В лагере я застал еще более ужасные условия, чем те, прежние. Правительство Керенского приставило к нам охрану из Союза солдат, бежавших из плена. Понятно, что эти люди, вытерпевшие столько мучений в австро-венгерских и особенно германских лагерях, а также на работах у прусских помещиков-юнкеров, и по возвращении на родину еще натравляемые шовинистической пропагандой, относились к нам зачастую зверски, мстили, вымещали на нас, ни в чем неповинных, свои обиды. Режим стал просто тюремным.

И все же какой-то крохотный просвет свободы для меня существовал: возможность читать газеты, узнавать, пусть в препарированном виде о том, что происходит в мире, и таким образом не быть все же полностью отрезанным от него. Мы покупали «Русское слово», и по вечерам я читал вслух – переводя на немецкий тут же с листа – при тусклом свете маломощной лампочки, интересовавшие всех сообщения, прежде всего, «С театра военных действий» (хорош «театр», нечего сказать), а также о событиях, происходивших в России. Из сообщений о борьбе политических партий, мы получили некоторое представление о большевиках, познакомились с именем Ленина, и кривое зеркало кадетской газеты не могло помешать тому, что большевистские лозунги «Долой войну!», «Да здравствует пролетарская революция во всем мире!», стали нам близки, особенно теперь, когда и здесь в плену, далеко от фронта, условия нашей жизни стали невыносимыми.

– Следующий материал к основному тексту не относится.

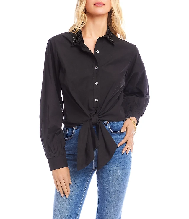 CeCe Poplin Point Collar Long Sleeve Pearl Button Down Top
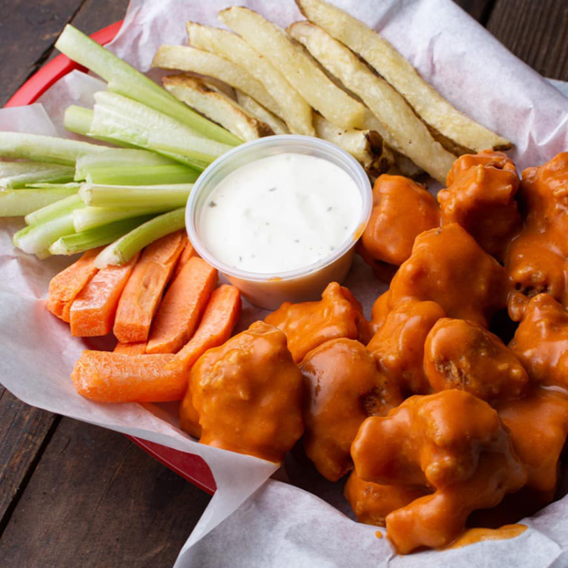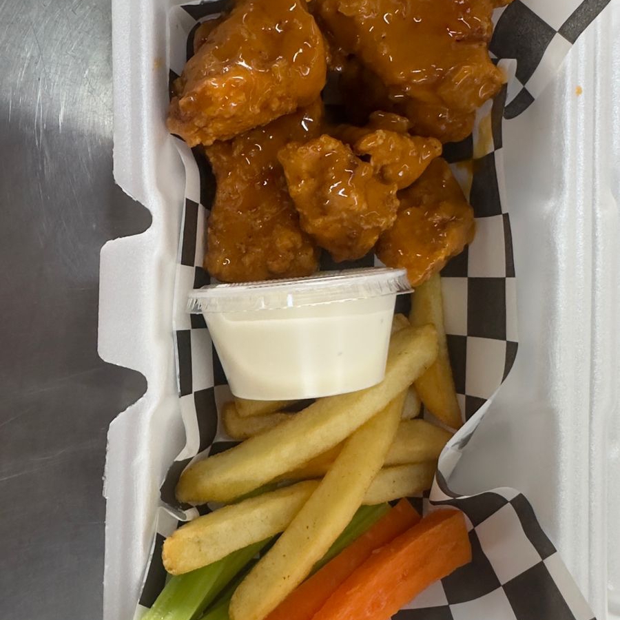 7 piezas de boneless bañados en tu salsa preferida, acompañados con papas fritas, zanahoria y apio.
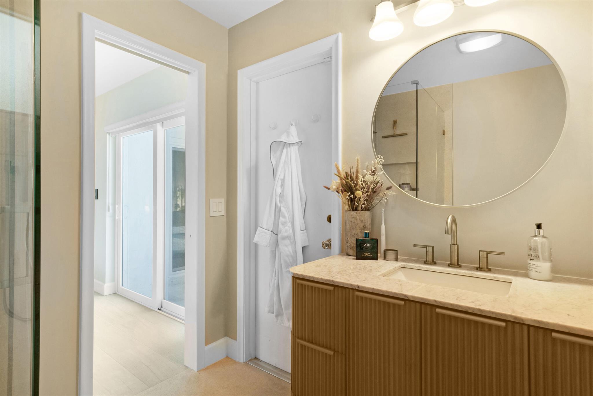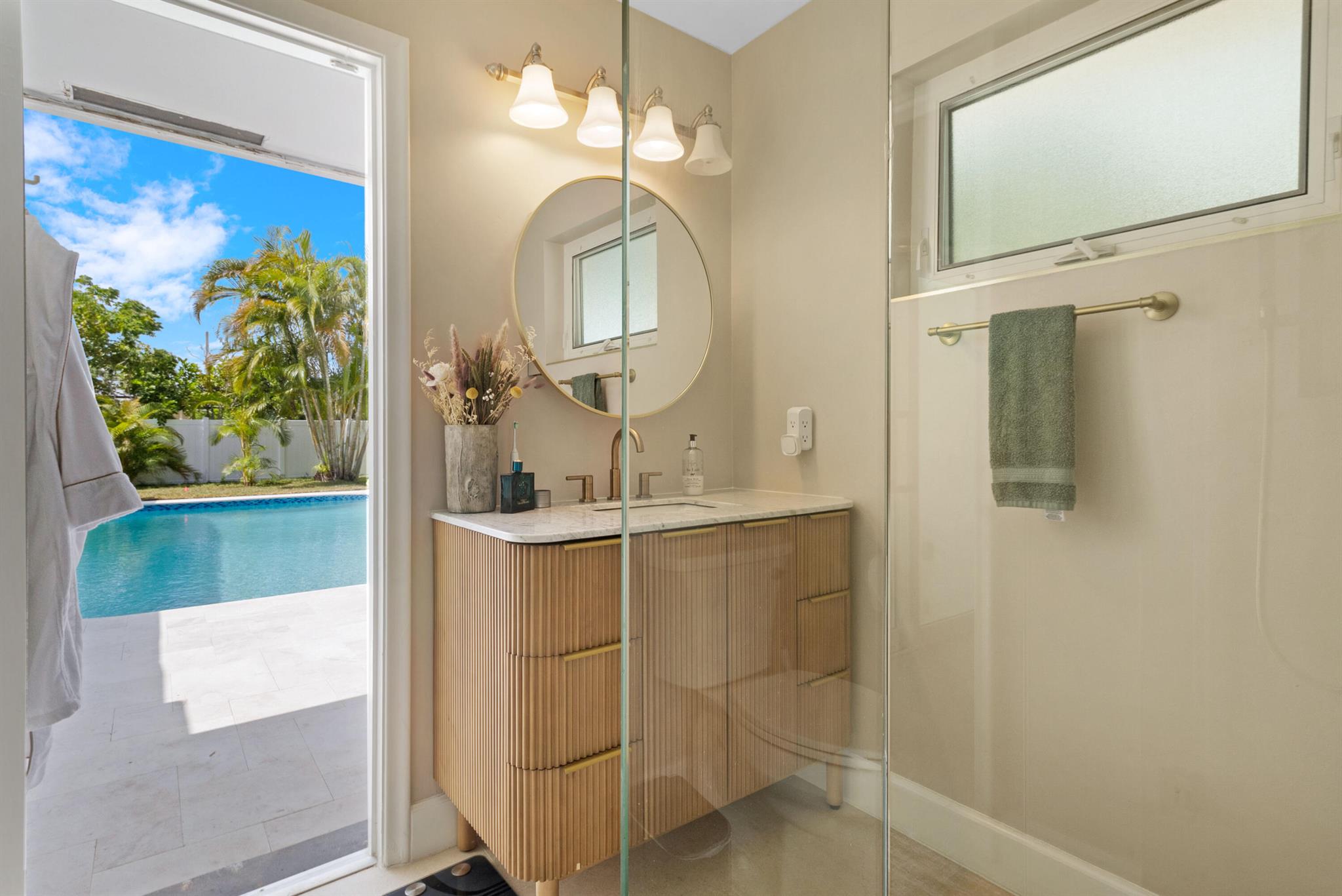 Welcome to this beautifully renovated 3/2, pool home in the highly sought-after Imperial Point neighborhood. Nestled on a lushly landscaped corner lot, this property boasts incredible curb appeal with a decorative circular driveway, courtyard entry, & full 2 car garage with epoxy flooring and air conditioning. Featuring Evie Haya premium porcelain tile flooring throughout and freshly painted interiors, this home blends modern comfort with designer finishes. The stunning primary bathroom showcases luxury porcelain tile, a frameless glass shower, a modern vanity, Delta TempAssure shower system, and bronze fixtures from Ferguson. Upgrades include complete impact glass and doors, a new RHEEM 80-gallon electric water heater, trenchless pipelined sewer system, smart thermostat,
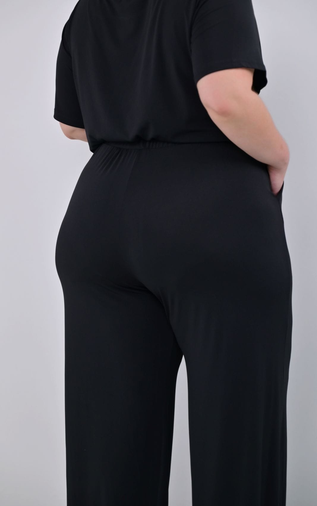 Η Plus Size Παντελόνα Μαύρη Wide Leg συνδυάζει κομψή γραμμή και έξτρα άνεση, με φαρδιά «palazzo» γραμμή που πέφτει ελεύθερα από τη μέση μέχρι το έδαφος. Το ελαστικό ύφασμα jersey με μικρό ποσοστό ελαστάνης εγγυάται άνετη εφαρμογή και ελευθερία κινήσεων.
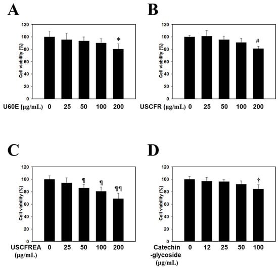 Endogenous cytotoxicity of Ulmus extract fractions and catechin-glycoside in HDFPCs. Cells were incubated with the indicated doses of (A) U60E, (B) USCFR, (C) USCFREA, and (D) catechin-glycoside (μg/mL, w/v). Cell viability was calculated as described in Materials and Methods. Data are expressed as the mean ± SD. * p < 0.05, # p < 0.05, ¶ p < 0.05, ¶¶ p < 0.01, and † p < 0.05 vs. the untreated group.
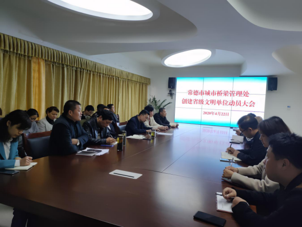 为使常德市城市桥梁管理处精神文明建设迈上一个新的台阶,打造健康向上道德风尚,建设特色鲜明单位文化,推进创建活动深入开展,全面提升文明单位形象。4月22日上午,常德市城市桥梁管理处组织召开了创建省级文明单位动员大会,就开展创建省级文明单位进行全面动员部署。会议由程国锋副主任主持,刘臻主任作动员讲话,市桥管处全体干部职工参加会议。
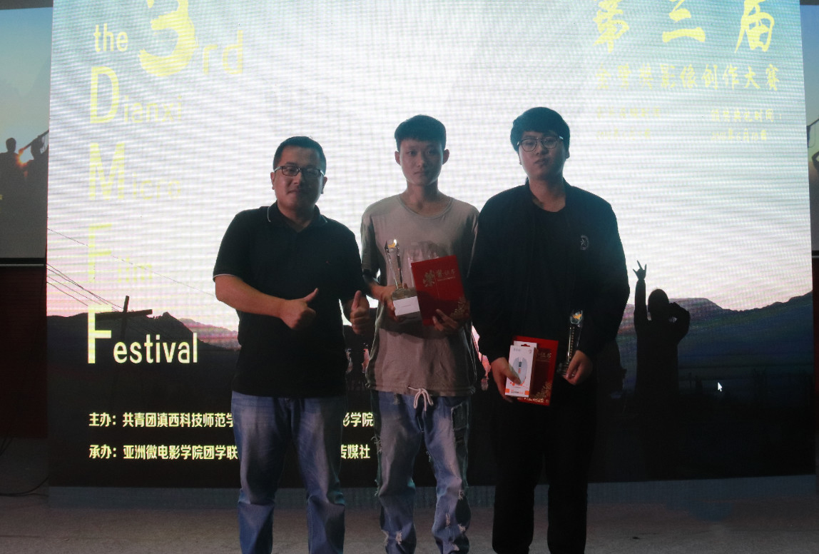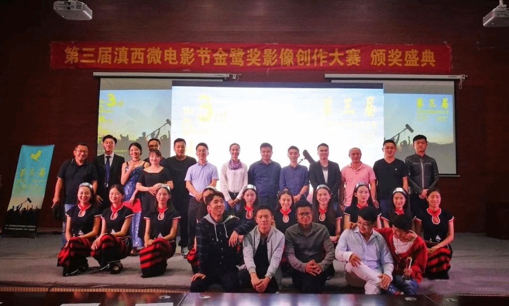 2018年6月10日晚,由亚洲微电影学院和共青团滇西科技师范学院委员会联合主办,亚洲微电影学院团学联合会和临视传媒社承办的以“光影临沧,相聚滇西”为主题的第三届滇西微电影节暨"金鹭奖"影像创作大赛颁奖典礼在同声传译室隆重举行。校团委副书记杨汉鹏、亚微学院党总支副书记刘绍彬、亚微学院副院长童绍英、临沧本土多家影视公司、新媒体平台的负责人及亚微学院师生共300余人参加活动。

В этом положении было для нас настоящим приятным большим сюрпризом, когда нам объявили, что Иваново-Вознесенский Союз рабочих, крестьянских и солдатских депутатов добился у военных властей того, чтобы мы, под честное слово, что будем соблюдать порядок, и что не будет попыток к бегству, приняли участие в первомайской манифестации. И действительно, сомкнутыми рядами, весь наш лагерь, как и другие лагеря пленных, имевшихся в городе, вышел, вместе с русскими рабочими и работницами, с русскими военными частями, на просторную городскую площадь. Я посмотрел на блестевшие на солнце трехгранные штыки наших конвойных, прислушался к страстным речам чередующихся на импровизированной трибуне ораторов. Шел митинг. Выступали представители всех партий, прерываемые шумными возгласами демонстрантов. Наряду с призывами немедленно кончить войну, дать крестьянам землю, рабочим хлеб, трудящемуся народу полноту власти и свободы, слышались и заклинания продолжать войну до победы, остаться верными союзникам, разгромить Вильгельма, бороться за «порядок», против анархии большевиков, против продавшихся немцам.

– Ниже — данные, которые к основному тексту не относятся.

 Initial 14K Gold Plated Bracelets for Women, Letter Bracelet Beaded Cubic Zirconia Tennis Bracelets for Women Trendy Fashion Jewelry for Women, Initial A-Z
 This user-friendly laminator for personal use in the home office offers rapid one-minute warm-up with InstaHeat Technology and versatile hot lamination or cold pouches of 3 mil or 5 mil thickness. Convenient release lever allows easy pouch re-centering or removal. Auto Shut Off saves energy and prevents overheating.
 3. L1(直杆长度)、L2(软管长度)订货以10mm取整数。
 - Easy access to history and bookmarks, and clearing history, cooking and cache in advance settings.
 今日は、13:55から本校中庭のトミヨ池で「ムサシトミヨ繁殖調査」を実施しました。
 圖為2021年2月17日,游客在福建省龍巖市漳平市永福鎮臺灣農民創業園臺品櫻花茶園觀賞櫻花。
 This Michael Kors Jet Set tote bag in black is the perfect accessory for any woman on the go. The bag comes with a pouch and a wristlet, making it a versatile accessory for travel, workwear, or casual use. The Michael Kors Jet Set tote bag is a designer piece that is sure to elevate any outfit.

И тут я не выдержал. Я вырвался вперед, не обращая внимание на окрик караульных, вскочил на эту самодельную трибуну, и обратился к своим. Я сказал – по-немецки – что мы, военнопленные, должны взять пример с русских, и, вернувшись домой, поднять у себя революцию, и что мы уже сейчас, как это сделали русские солдаты, должны перестать рабски повиноваться своим офицерам. Я перевел эту краткую речь на свой корявый русский язык, закончил по-русски возгласом: «Да здравствует мировая революция!», и по-немецки, и по-мадьярски, «Es lebe die Wiltrevolution!», «Eljen a vilag forradalom!» и под оглушительные крики, в большинстве восторженные, – но были, конечно, и негодующие, – всей многотысячной толпы, заполнившей площадь, спрыгнул с трибуны и втиснулся обратно в наши ряды.

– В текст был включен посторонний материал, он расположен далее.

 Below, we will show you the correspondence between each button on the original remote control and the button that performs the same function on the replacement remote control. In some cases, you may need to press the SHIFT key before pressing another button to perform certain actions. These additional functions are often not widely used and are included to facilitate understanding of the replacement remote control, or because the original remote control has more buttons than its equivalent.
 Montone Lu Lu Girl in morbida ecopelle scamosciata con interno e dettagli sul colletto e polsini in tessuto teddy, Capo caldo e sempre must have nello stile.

Возмездие не замедлило себя ждать. На следующий же день делегация пленных офицеров пришла из лагеря к прапорщику Рябцеву, начальнику лагеря, с просьбой наказать меня, изолировать за разлагающее политическое влияние. И в тот же день вечером, когда мы, как всегда, читали газету, появился этот начальник в сопровождении двух солдат и старшины и протиснувшись через тесный проход между нарами, подошел вплотную ко мне. «Встать!» – рявкнул прапорщик. Мы, конечно, все вскочили и стали навытяжку. «Давай сюда германскую газету! Откуда достал ее, шпион!» Я объяснил, что германской газеты у нас нет, что, вот, я просто читал «Русское слово», переводя на немецкий. Но прапорщик заревел: «Молчать!», с добавлением непечатной брани, и ударил меня своим большим кулаком – у него была волосатая медвежья рука, с большим перстнем, – я ее и сейчас вижу, – причем так сильно, что выбил мне сразу два передних зуба, шатких после цинги. Тут же два конвоира «нежно» подхватили меня и повели. При этом произошла маленькая задержка, даже в этих обстоятельствах – я плевался кровью – показавшаяся мне комичной. Когда мы уже вышли из лагеря, прапорщик почему-то спохватился, что одет я не по форме – без кепи и шинели – и мы всей процессией вернулись, я оделся, и мы снова пошли на окраину города, в пересыльную тюрьму.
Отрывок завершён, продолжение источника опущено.